* Extracted material
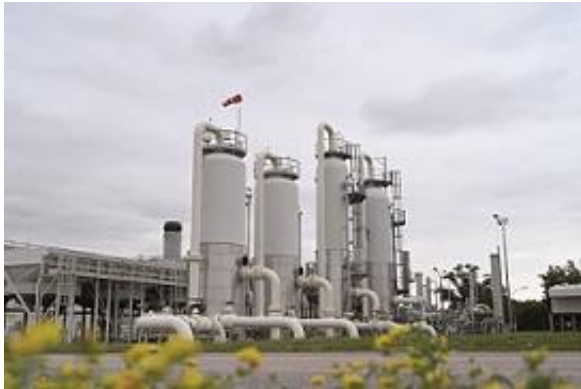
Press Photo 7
...
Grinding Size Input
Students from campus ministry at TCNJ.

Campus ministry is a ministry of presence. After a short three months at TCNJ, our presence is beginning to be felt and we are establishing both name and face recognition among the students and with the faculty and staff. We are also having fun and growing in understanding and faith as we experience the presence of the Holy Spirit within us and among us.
...
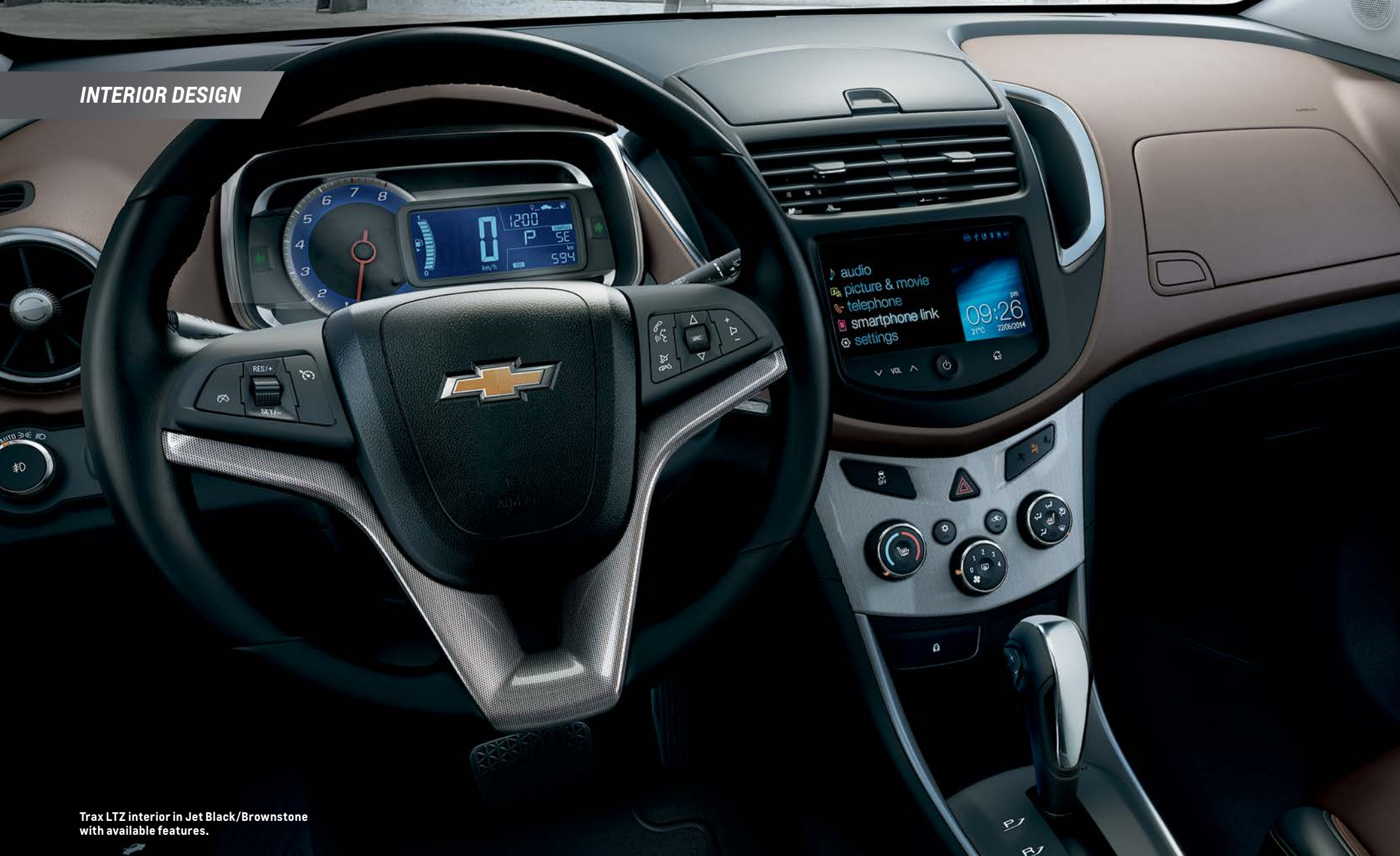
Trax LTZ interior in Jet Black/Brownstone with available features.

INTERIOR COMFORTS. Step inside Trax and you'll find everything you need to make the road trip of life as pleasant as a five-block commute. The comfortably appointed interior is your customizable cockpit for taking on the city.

* Assignment
Look through the entries above and count each line holding "interior"; report the count alone.

* Response for this exercise
2